Using the data below, return word for word every line from the one holding "O temporal também" down to the one holding "1.1. В соответствии". Leave pictures out.

* **Data entries**

------------------------------------------------

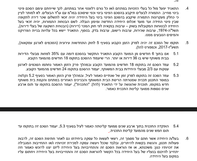 לפי המסמך זה לא 18 חודשים אלא הרבה יותר 18 חודשים להחתמת שליש מכאן השנים הולכות ותופחות לפי החישוב שלי הם מחייבים בערך לעשור ואני לא רואה התחייבות מצידם לפחות זמן.עדיף לא לחתום לפני שמתייעצים עם עו"ד.
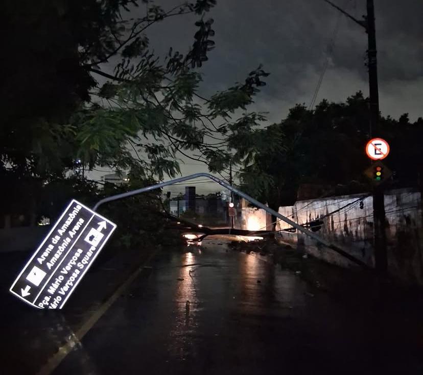 O temporal também provocou queda de energia elétrica em diversas áreas de Manaus. Moradores relataram apagão em bairros como Japiim, Distrito, Praça 14 de Janeiro, Aleixo, São Francisco, Parque 10 de Novembro e Cidade Nova.
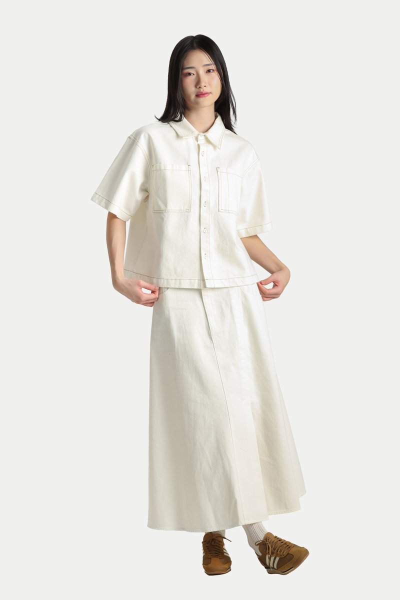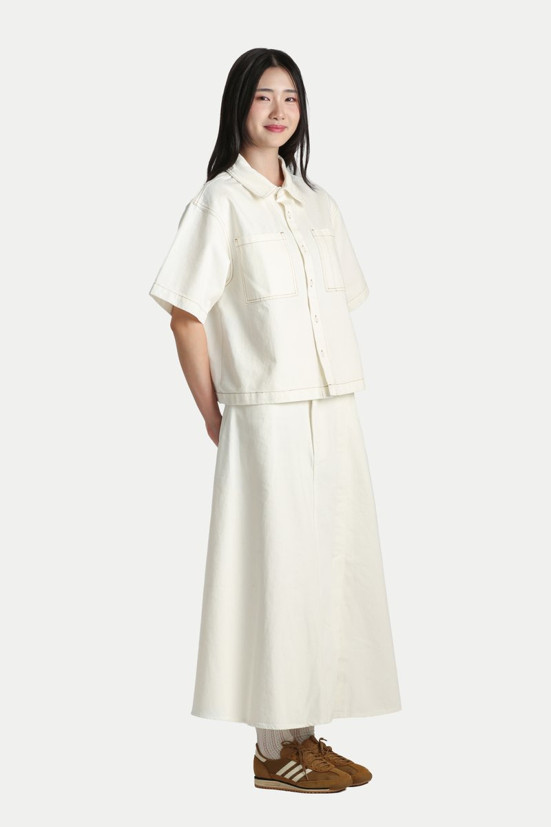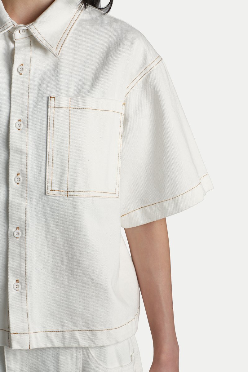 YURI BOXY DENIM WORK SHIRT IN WHITE
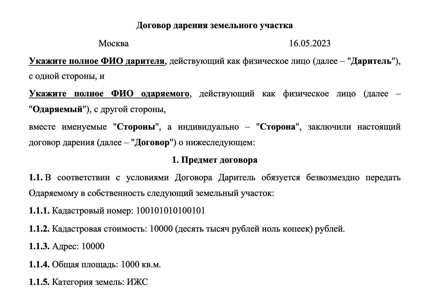 1.1. В соответствии с условиями Договора Даритель обязуется безвозмездно передать Одаряемому в собственность следующий земельный участок:
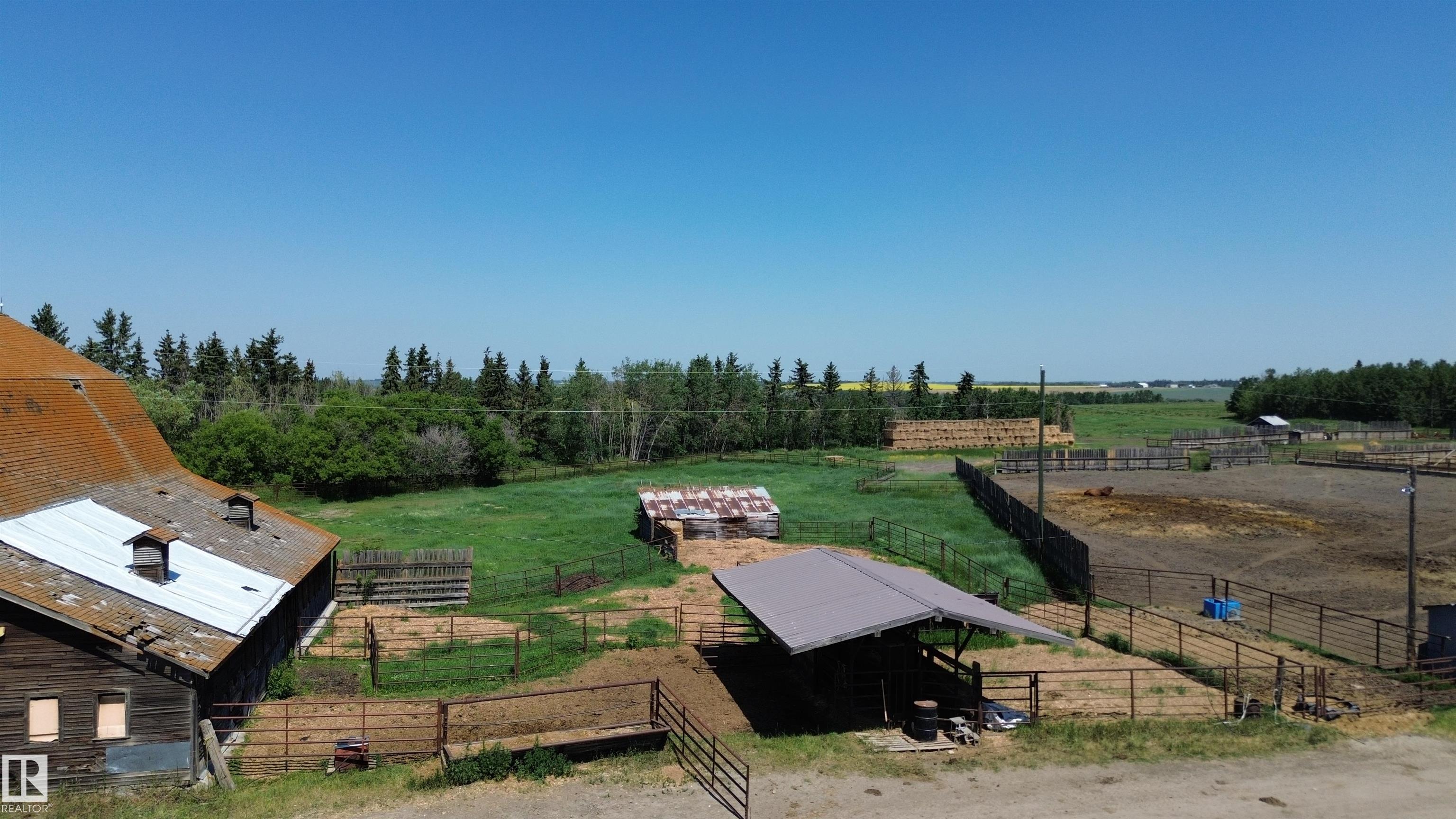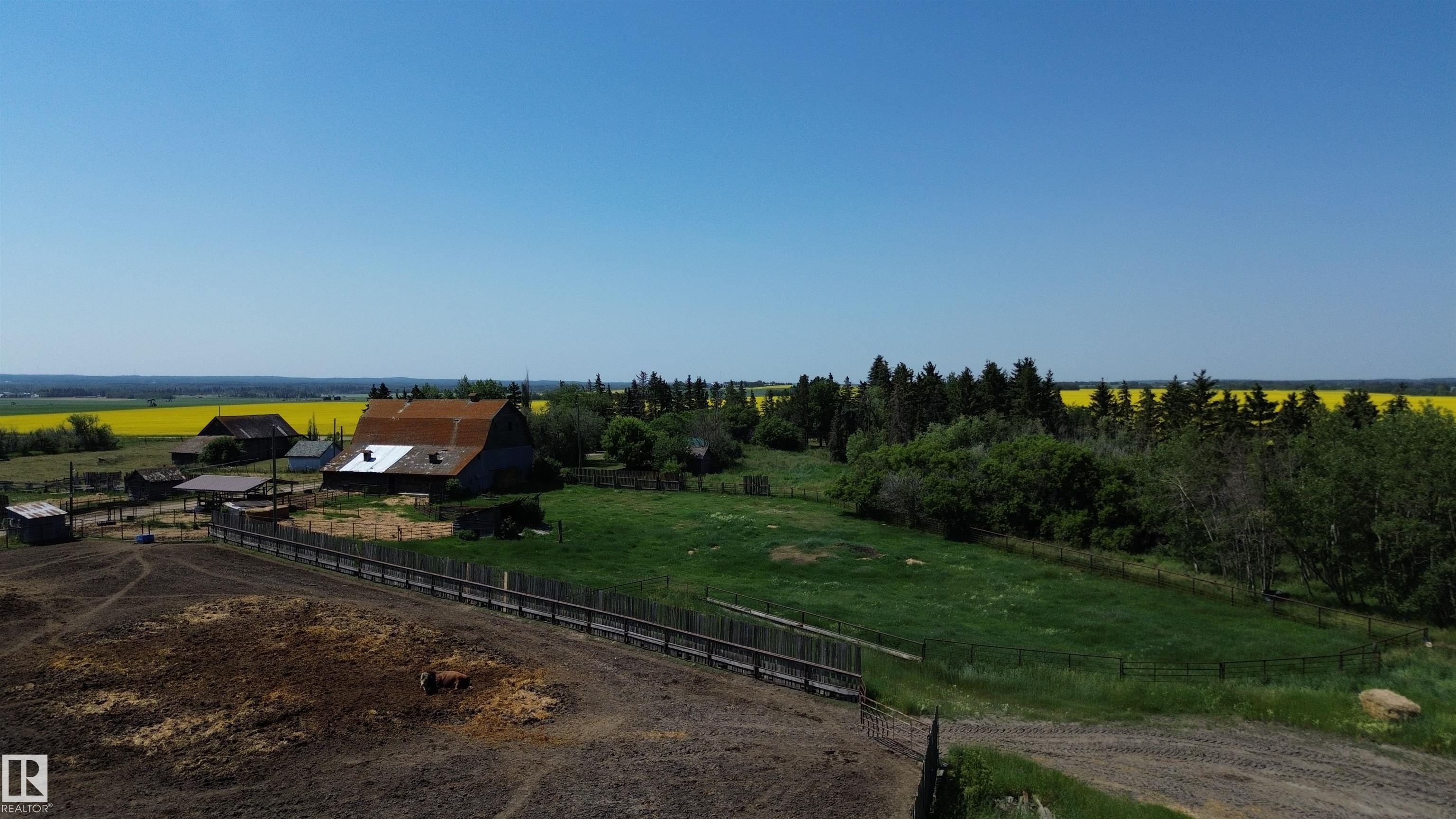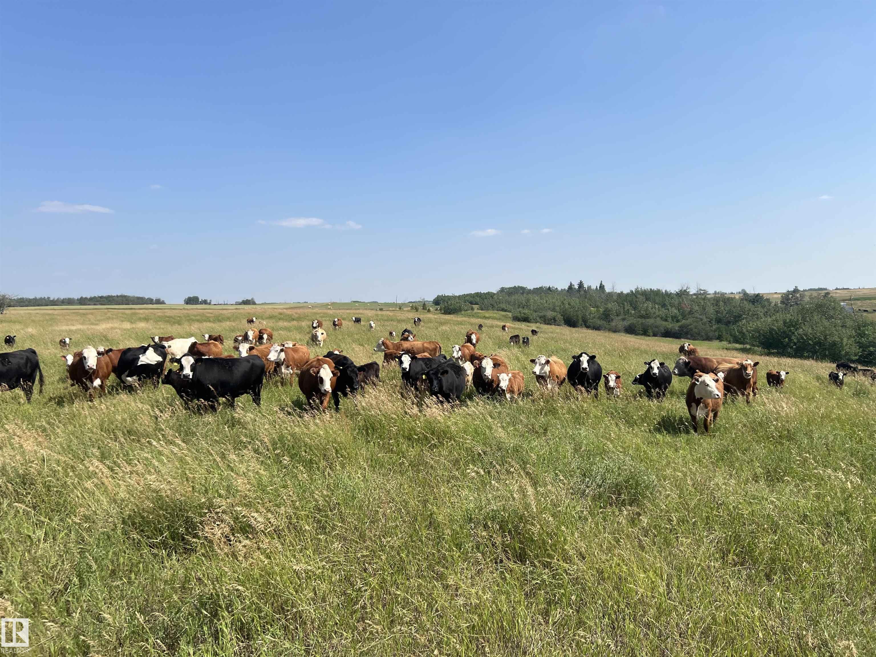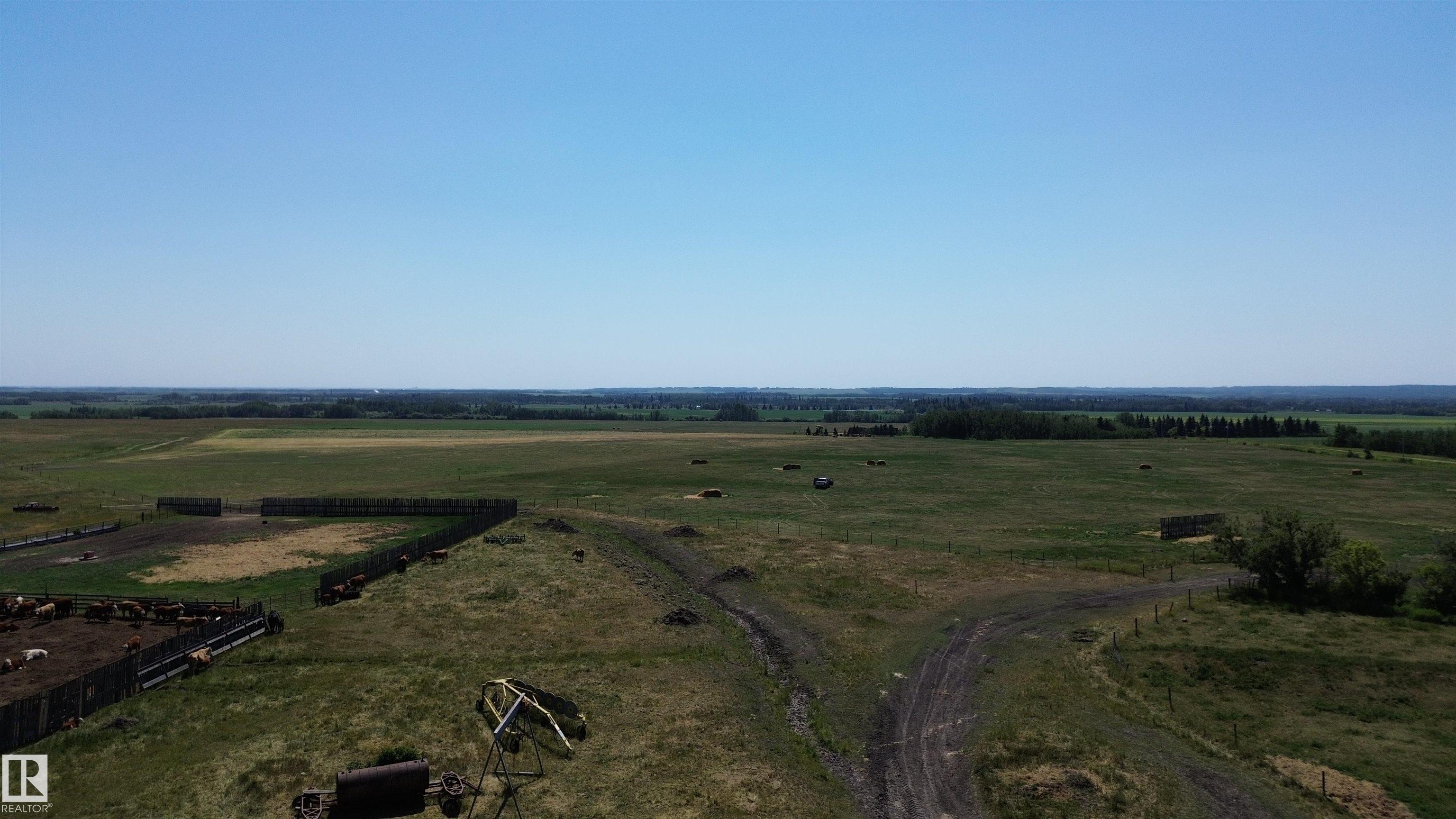 Huge ranching opportunity of FOUR QUARTERS near St. Albert! 639.75 ACRES of a working regenerative farm, set up with a confined feeding operation and part of ALUS conservation with a transferable NRCB permit! The home quarter has an old house and barn as well as a shop, granaries, seven fenced feeding pens, sheds and two dugouts. There are three drilled wells total, the best well producing 30 GPM out of the Villeneuve aquifer. Cattle are on rotational grazing with electric fencing and part of the verified b...
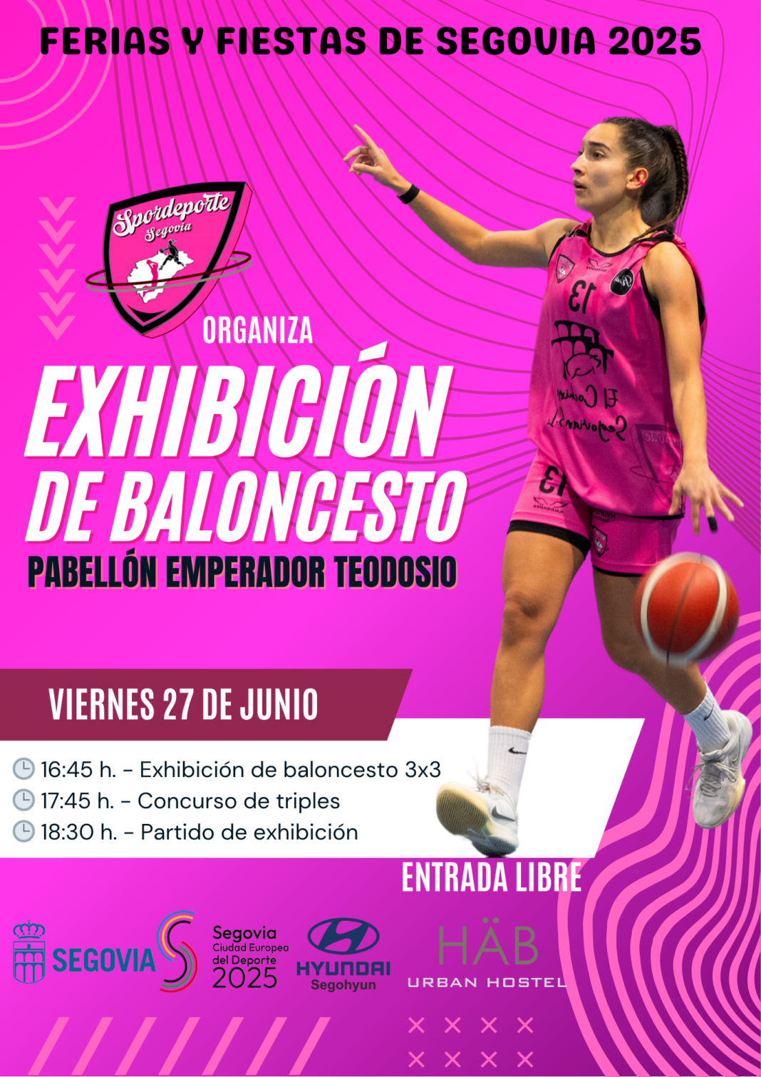 Este viernes, 27 de junio, el Pabellón Emperador Teodosio de Segovia acogerá una exhibición de baloncesto de alto nivel organizada por el Club Deportivo Spordeporte. Este evento, con entrada libre, forma parte del programa de las Ferias y Fiestas de Segovia 2025.
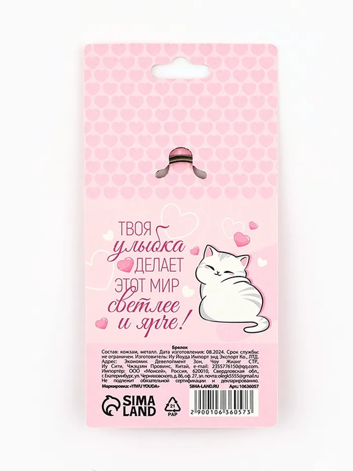 Брелок для ключей кожзам женский «Улыбнись», 6,1 х 9 см — Характеристики
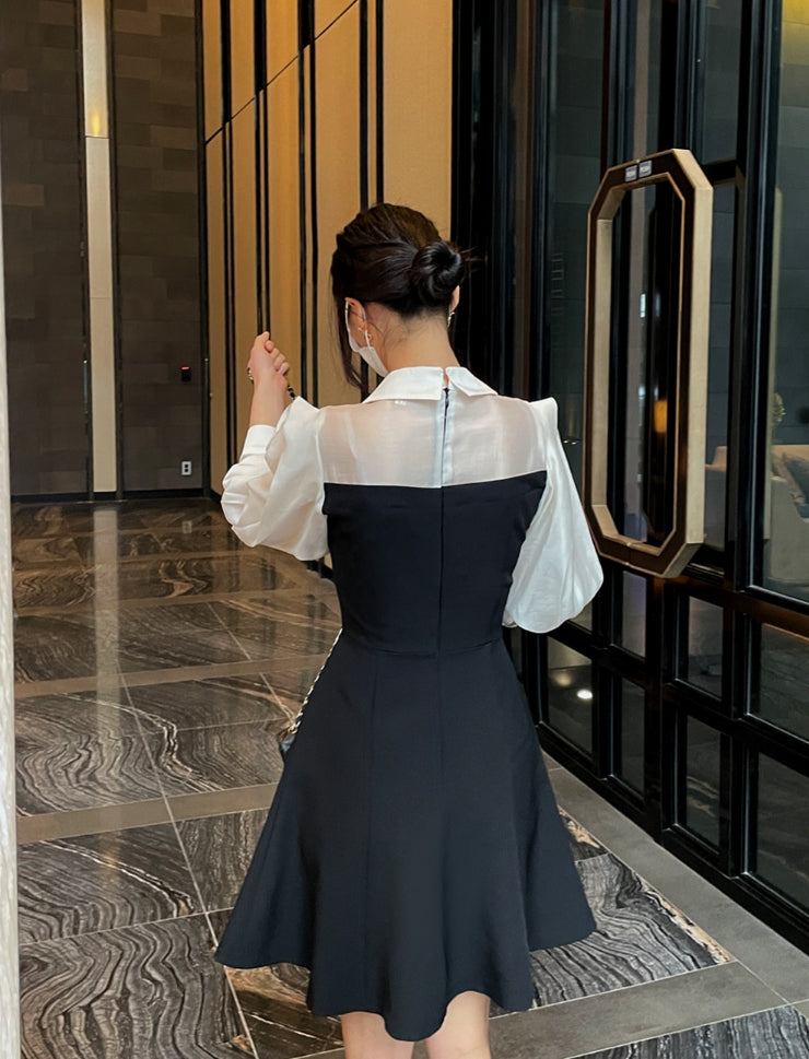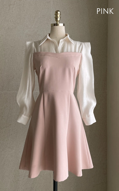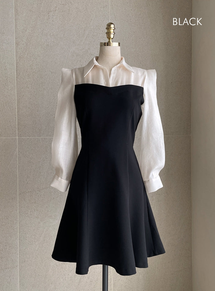 メロド配色フレアワンピース

------------------------------------------------

* **Reply**
 O temporal também provocou queda de energia elétrica em diversas áreas de Manaus. Moradores relataram apagão em bairros como Japiim, Distrito, Praça 14 de Janeiro, Aleixo, São Francisco, Parque 10 de Novembro e Cidade Nova.
 YURI BOXY DENIM WORK SHIRT IN WHITE
 1.1. В соответствии с условиями Договора Даритель обязуется безвозмездно передать Одаряемому в собственность следующий земельный участок:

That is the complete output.